[Assignment] Transcribe the listing exactly, skipping every picture.

[Recorded data]

******

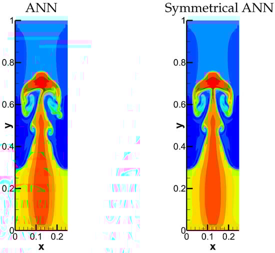 High order WENO scheme is one of popularly used numerical methods for simulating RTI and can generate reliable numerical results. However, it is too dissipation for resolving the fine scale structures, such as Kelvin–Helmholtz instability (KHI) [4] along the interface. Furthermore, when it comes to a specific order and resolution, the WENO scheme presents greater implementation complexity and demands more computational resources in comparison to linear finite difference schemes. Therefore, we conduct the numerical studies by high order hybrid scheme for simulating RTI phenomena and show the corresponding results in the left of Figure 5. One can easily find that the numerical result is asymmetrical at the top of structure of mushroom, which is inconsistent with the initial symmetrical setup. It is because the ANN shock detector does not maintain the symmetry. In order to overcome this shortcoming of ANN shock detector, we detect the shock locations starting from the symmetry axis to both sides, respectively. The correspondingly modified result with symmetrical ANN shock detector is shown in the right of Figure 5. It is obvious to find that the symmetry of RTI is maintained.
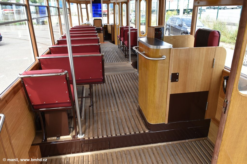 Interiér historické tramvaje 4MT ev. č. 134 po renovaci
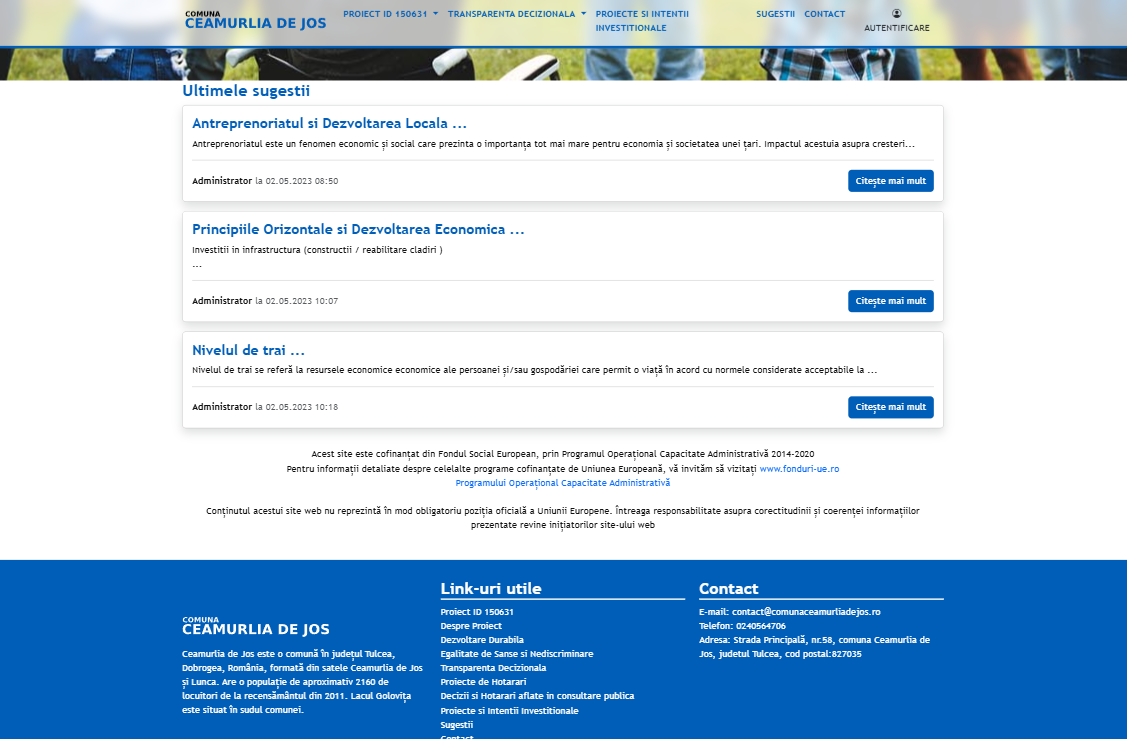 The Comuna Ceamurlia de Jos project focuses on implementing a modern digital system that optimizes citizen-oriented administrative processes. The online platform supports decision-making transparency and public participation, contributing to improved service quality within the local administration and fostering community development.

******

[Result]
 High order WENO scheme is one of popularly used numerical methods for simulating RTI and can generate reliable numerical results. However, it is too dissipation for resolving the fine scale structures, such as Kelvin–Helmholtz instability (KHI) [4] along the interface. Furthermore, when it comes to a specific order and resolution, the WENO scheme presents greater implementation complexity and demands more computational resources in comparison to linear finite difference schemes. Therefore, we conduct the numerical studies by high order hybrid scheme for simulating RTI phenomena and show the corresponding results in the left of Figure 5. One can easily find that the numerical result is asymmetrical at the top of structure of mushroom, which is inconsistent with the initial symmetrical setup. It is because the ANN shock detector does not maintain the symmetry. In order to overcome this shortcoming of ANN shock detector, we detect the shock locations starting from the symmetry axis to both sides, respectively. The correspondingly modified result with symmetrical ANN shock detector is shown in the right of Figure 5. It is obvious to find that the symmetry of RTI is maintained.
 Interiér historické tramvaje 4MT ev. č. 134 po renovaci
 The Comuna Ceamurlia de Jos project focuses on implementing a modern digital system that optimizes citizen-oriented administrative processes. The online platform supports decision-making transparency and public participation, contributing to improved service quality within the local administration and fostering community development.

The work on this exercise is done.